§ **Prompt**
Make an exact copy of the records, leaving out the images.

--- Recorded data ---

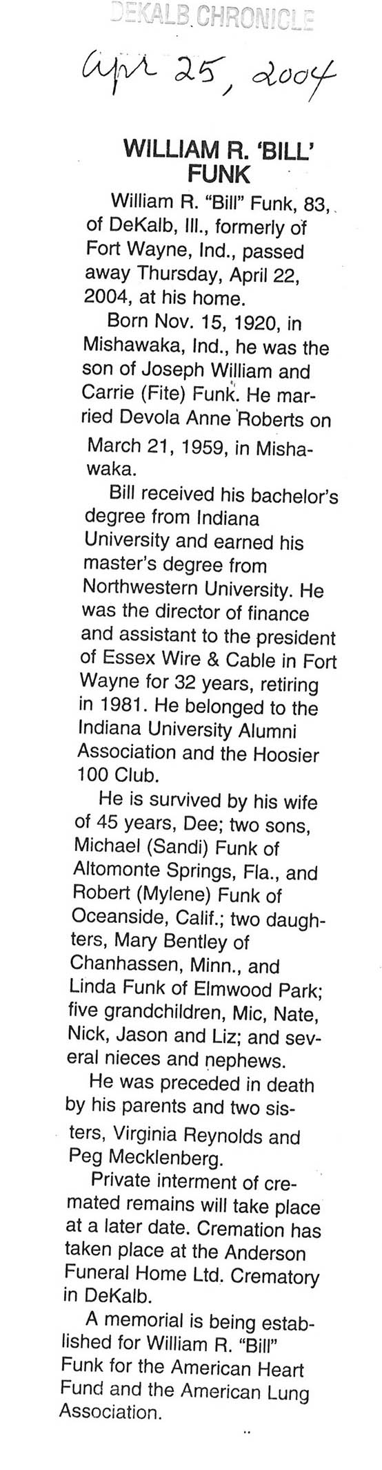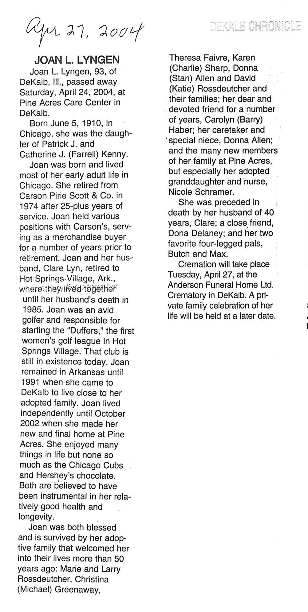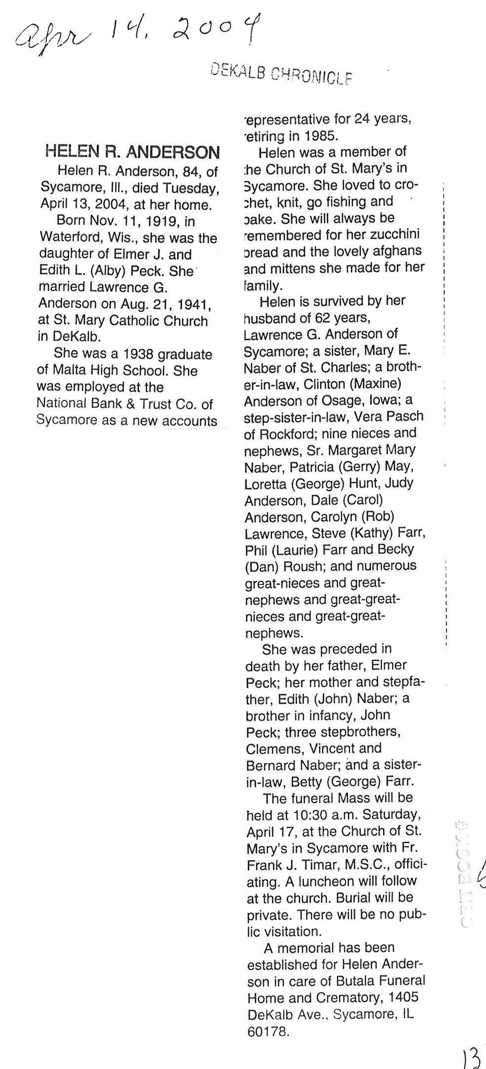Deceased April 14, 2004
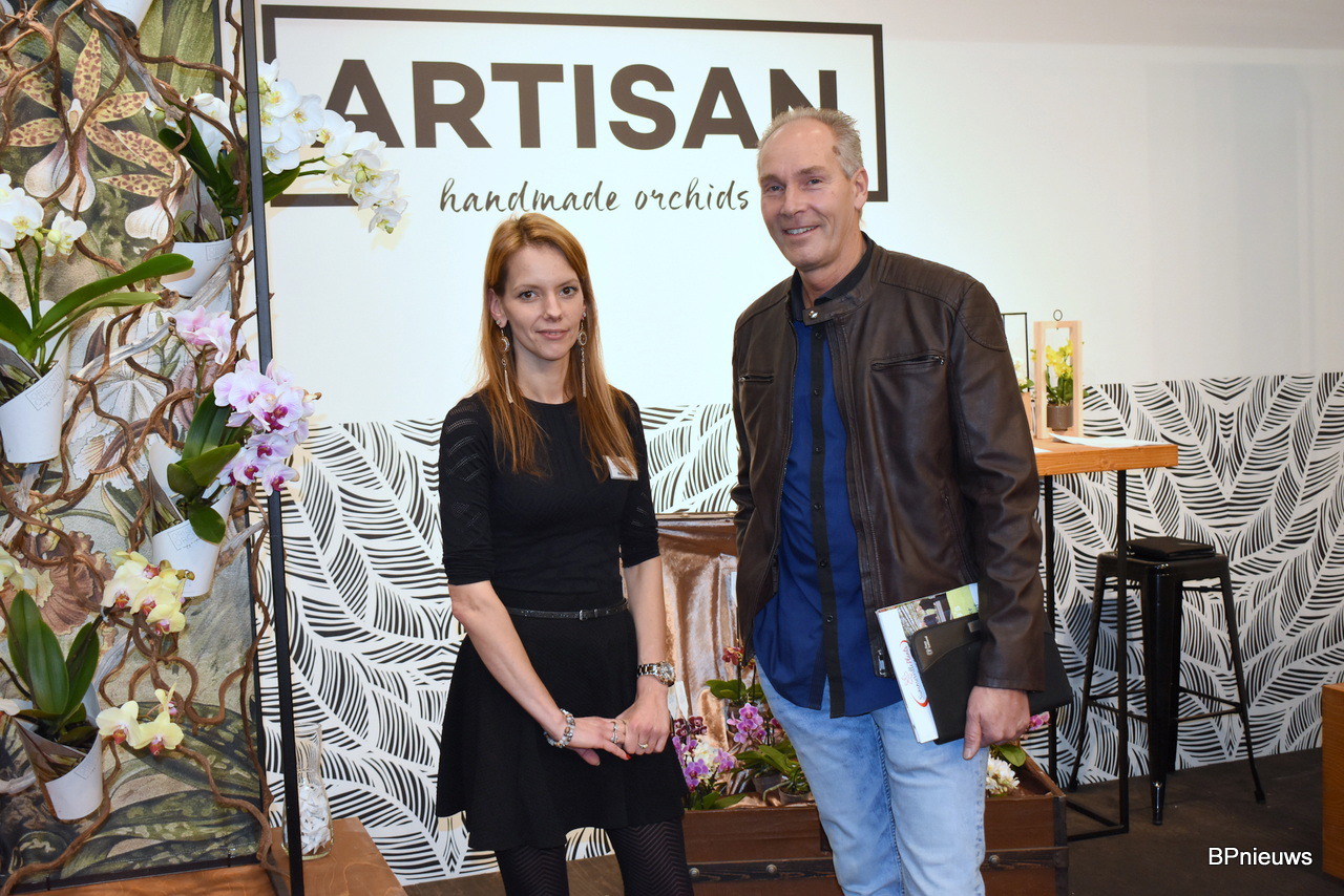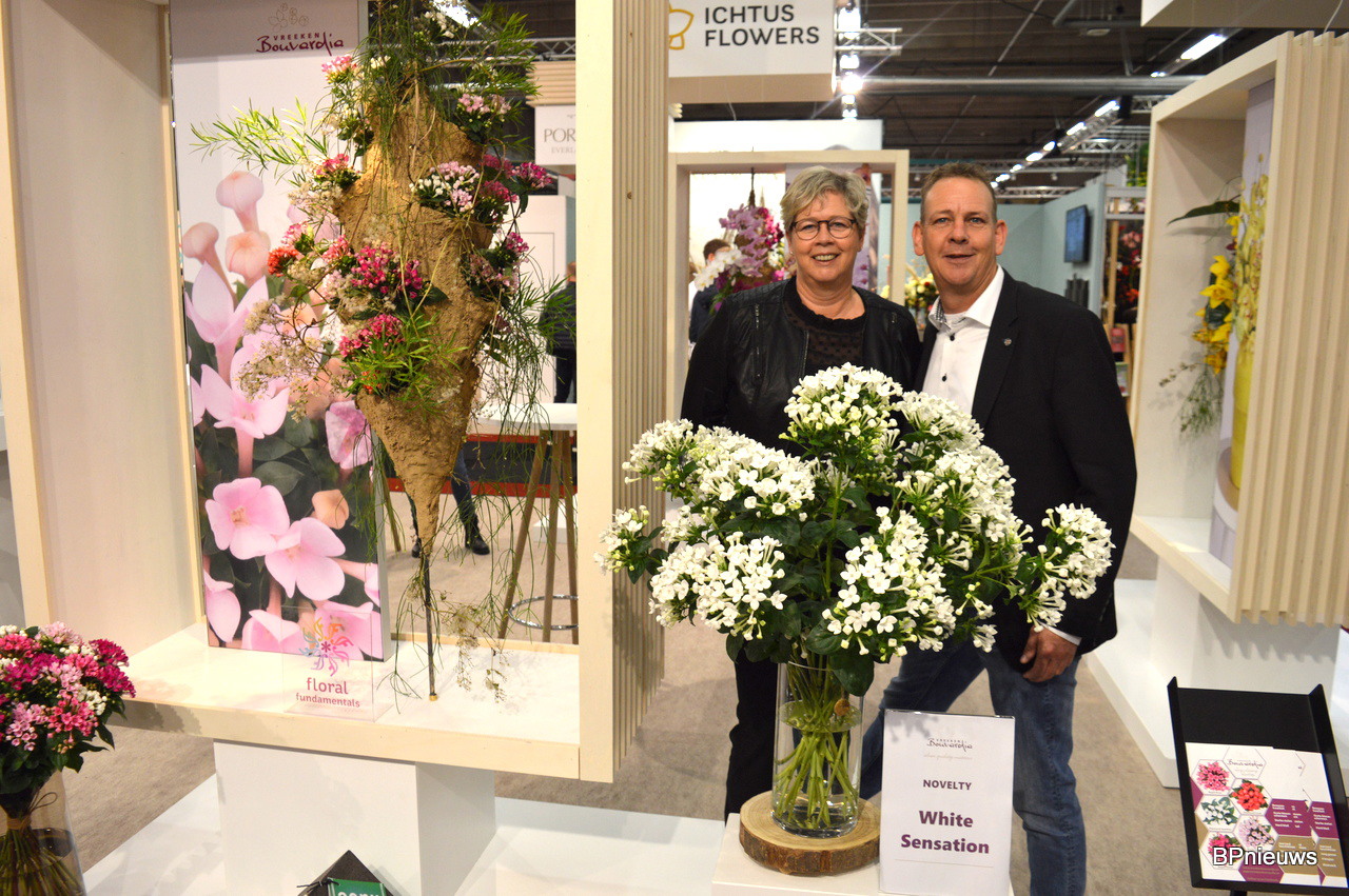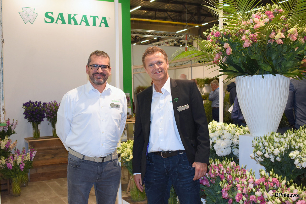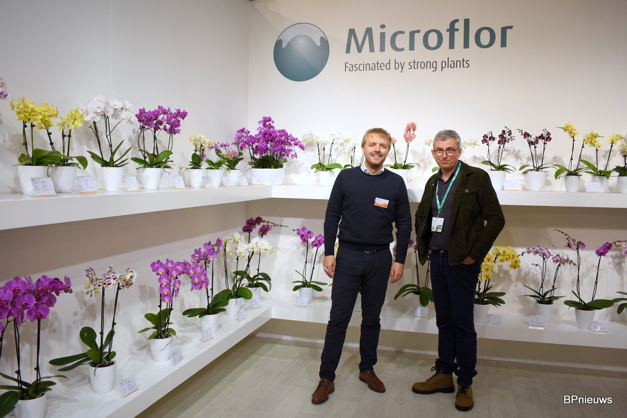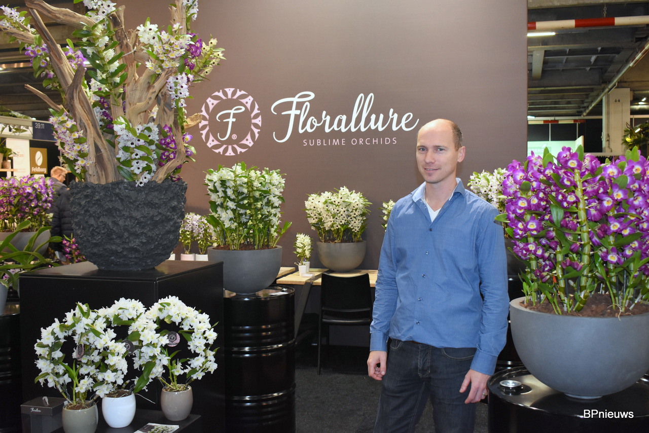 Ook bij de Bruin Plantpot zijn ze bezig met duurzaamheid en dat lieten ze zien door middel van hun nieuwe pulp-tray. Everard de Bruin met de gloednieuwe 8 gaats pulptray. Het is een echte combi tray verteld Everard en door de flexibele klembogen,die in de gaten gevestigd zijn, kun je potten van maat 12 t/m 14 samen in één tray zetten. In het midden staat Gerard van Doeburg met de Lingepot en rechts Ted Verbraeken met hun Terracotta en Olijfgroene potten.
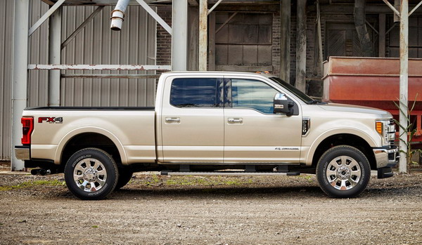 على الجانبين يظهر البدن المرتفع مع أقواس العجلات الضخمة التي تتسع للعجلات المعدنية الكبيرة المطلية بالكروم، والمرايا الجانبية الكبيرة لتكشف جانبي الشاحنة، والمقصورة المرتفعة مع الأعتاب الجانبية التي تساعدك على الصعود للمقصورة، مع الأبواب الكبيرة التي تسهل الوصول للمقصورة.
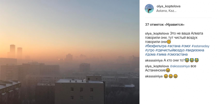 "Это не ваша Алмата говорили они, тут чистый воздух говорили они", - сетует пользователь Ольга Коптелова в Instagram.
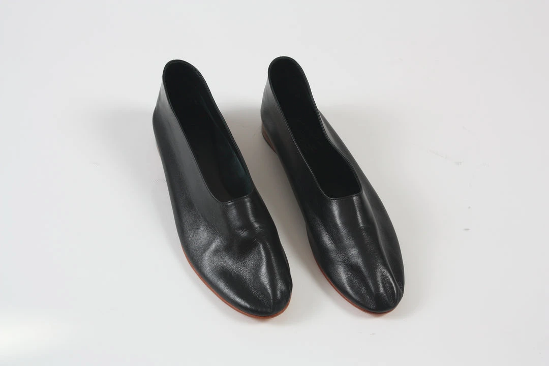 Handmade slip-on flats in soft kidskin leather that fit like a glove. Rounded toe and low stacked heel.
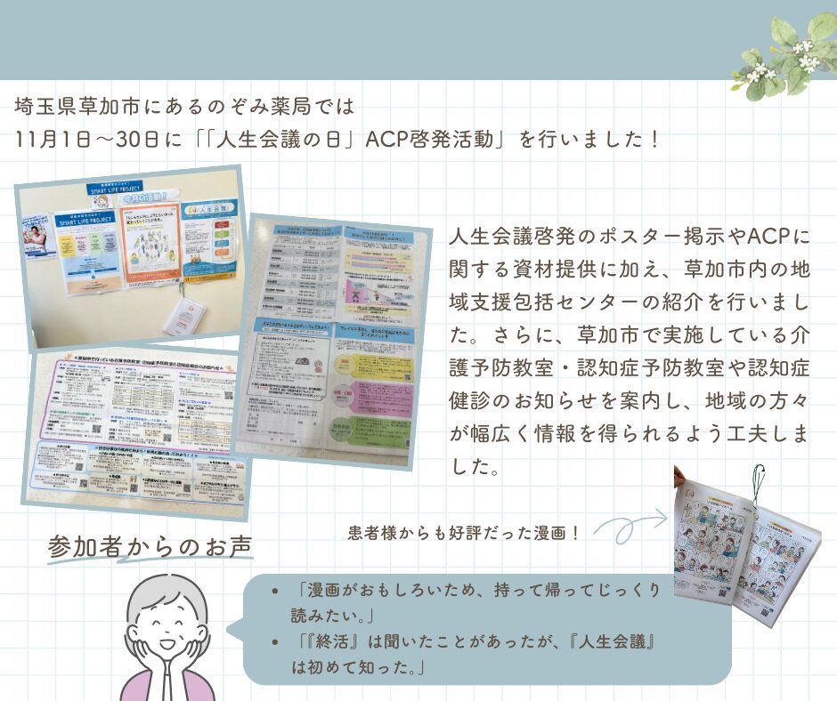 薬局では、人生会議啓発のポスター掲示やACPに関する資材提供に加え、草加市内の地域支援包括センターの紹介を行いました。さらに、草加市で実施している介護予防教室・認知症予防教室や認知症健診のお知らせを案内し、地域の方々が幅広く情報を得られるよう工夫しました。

---

§ **Solution**
Deceased April 14, 2004
 Ook bij de Bruin Plantpot zijn ze bezig met duurzaamheid en dat lieten ze zien door middel van hun nieuwe pulp-tray. Everard de Bruin met de gloednieuwe 8 gaats pulptray. Het is een echte combi tray verteld Everard en door de flexibele klembogen,die in de gaten gevestigd zijn, kun je potten van maat 12 t/m 14 samen in één tray zetten. In het midden staat Gerard van Doeburg met de Lingepot en rechts Ted Verbraeken met hun Terracotta en Olijfgroene potten.
 على الجانبين يظهر البدن المرتفع مع أقواس العجلات الضخمة التي تتسع للعجلات المعدنية الكبيرة المطلية بالكروم، والمرايا الجانبية الكبيرة لتكشف جانبي الشاحنة، والمقصورة المرتفعة مع الأعتاب الجانبية التي تساعدك على الصعود للمقصورة، مع الأبواب الكبيرة التي تسهل الوصول للمقصورة.
 "Это не ваша Алмата говорили они, тут чистый воздух говорили они", - сетует пользователь Ольга Коптелова в Instagram.
 Handmade slip-on flats in soft kidskin leather that fit like a glove. Rounded toe and low stacked heel.
 薬局では、人生会議啓発のポスター掲示やACPに関する資材提供に加え、草加市内の地域支援包括センターの紹介を行いました。さらに、草加市で実施している介護予防教室・認知症予防教室や認知症健診のお知らせを案内し、地域の方々が幅広く情報を得られるよう工夫しました。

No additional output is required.